Gallery 8am – 4pm M-F

Gallery will remain open till 8:30pm on the evenings of the presenations.

Tues. Oct. 18, 2016

"The 1880 Crow Indian Delegation to Washington, D.C.: Cultural Identity, Colonial Policies, and Intercultural Images"

presented by Dr. C. Adrian Heidenreich

Followed by interactive audience conversation. This talk will contextualize the delegation trip in terms of reservation-era policies and offer an historical overview of Medicine Crow's drawings and the other historical documentation of the delegation included in the MSUB Library exhibition.
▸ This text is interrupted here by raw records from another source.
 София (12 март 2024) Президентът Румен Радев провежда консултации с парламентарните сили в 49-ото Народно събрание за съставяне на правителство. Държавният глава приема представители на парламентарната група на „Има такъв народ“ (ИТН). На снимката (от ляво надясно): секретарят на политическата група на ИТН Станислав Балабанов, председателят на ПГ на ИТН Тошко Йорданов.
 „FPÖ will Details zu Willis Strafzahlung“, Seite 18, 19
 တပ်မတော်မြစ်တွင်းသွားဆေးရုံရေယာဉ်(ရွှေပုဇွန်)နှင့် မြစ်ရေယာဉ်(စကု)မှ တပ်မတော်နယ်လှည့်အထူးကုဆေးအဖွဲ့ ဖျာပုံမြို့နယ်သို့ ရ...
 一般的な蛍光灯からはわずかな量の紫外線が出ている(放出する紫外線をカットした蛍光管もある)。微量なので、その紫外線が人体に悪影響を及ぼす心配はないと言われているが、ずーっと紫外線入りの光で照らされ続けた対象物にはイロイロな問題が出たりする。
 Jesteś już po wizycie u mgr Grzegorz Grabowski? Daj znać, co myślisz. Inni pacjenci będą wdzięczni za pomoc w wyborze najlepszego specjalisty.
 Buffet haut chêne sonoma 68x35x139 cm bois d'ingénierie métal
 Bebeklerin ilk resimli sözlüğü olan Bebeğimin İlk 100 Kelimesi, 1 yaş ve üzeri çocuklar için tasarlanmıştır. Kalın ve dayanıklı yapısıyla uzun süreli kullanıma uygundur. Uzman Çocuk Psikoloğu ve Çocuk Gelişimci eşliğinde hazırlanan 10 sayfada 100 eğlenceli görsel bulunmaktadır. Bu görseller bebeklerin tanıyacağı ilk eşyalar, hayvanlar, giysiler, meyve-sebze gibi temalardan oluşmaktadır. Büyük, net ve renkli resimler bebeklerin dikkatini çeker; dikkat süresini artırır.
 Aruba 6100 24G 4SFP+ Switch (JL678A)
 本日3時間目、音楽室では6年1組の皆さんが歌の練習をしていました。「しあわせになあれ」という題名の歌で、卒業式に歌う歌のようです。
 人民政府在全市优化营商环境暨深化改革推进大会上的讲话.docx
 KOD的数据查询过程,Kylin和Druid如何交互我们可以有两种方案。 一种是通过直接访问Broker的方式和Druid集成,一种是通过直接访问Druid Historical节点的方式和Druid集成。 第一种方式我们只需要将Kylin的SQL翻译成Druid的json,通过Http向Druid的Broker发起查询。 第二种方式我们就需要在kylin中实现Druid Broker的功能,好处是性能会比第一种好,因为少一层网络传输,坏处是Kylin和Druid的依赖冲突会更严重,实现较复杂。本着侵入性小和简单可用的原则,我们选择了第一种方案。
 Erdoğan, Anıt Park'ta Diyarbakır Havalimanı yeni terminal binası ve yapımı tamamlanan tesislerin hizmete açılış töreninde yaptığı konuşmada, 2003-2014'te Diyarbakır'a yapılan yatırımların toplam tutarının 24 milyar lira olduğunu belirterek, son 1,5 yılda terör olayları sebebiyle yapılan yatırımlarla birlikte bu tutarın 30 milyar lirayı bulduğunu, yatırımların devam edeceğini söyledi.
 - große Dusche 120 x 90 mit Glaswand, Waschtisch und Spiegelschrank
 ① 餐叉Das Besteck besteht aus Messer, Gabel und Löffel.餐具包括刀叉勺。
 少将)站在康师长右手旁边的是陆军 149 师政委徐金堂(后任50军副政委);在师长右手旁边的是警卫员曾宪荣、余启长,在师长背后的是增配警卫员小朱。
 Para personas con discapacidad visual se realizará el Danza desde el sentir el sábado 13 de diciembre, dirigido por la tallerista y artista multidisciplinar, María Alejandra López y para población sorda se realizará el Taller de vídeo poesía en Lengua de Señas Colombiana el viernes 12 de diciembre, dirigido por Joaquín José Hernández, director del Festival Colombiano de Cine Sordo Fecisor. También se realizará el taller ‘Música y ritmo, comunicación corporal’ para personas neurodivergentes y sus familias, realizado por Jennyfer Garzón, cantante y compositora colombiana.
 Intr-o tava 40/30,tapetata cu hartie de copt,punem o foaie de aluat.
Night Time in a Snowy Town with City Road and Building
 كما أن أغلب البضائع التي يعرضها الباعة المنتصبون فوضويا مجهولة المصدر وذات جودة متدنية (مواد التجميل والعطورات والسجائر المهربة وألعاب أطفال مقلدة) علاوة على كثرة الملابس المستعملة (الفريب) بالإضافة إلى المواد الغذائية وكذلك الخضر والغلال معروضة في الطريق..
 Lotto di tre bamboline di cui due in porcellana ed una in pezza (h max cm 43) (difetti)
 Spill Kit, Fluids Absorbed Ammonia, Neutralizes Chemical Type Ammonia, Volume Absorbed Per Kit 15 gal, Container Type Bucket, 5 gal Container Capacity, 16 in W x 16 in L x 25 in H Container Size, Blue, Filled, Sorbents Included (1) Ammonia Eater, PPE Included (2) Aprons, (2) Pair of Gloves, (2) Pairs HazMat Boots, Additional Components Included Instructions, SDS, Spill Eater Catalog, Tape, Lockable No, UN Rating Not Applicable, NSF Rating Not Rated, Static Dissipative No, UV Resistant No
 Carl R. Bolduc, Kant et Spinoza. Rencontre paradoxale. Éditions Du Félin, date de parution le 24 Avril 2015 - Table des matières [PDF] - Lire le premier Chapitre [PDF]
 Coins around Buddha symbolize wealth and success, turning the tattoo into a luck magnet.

C. Adrian Heidenreich is Professor Emeritus (American Indian and Indigenous Studies & Anthropology), MSUB. He earned his Ph.D. in Anthropology with minor work in Visual Communication from University of Oregon. An adopted member of a Crow (Apsáalooke) family, Heidenreich is author of “The Crow Indian Delegation to Washington, D. C., in 1880," “Background and Interpretation of Crow and Gros Ventre Ledger Art Done at Crow Agency, Montana Between 1879 and 1897; Recovery and Preservation of the Barstow Collection; and Listing of Works” in Catalog of the Charles H. Barstow Collection (Yellowstone Art Center).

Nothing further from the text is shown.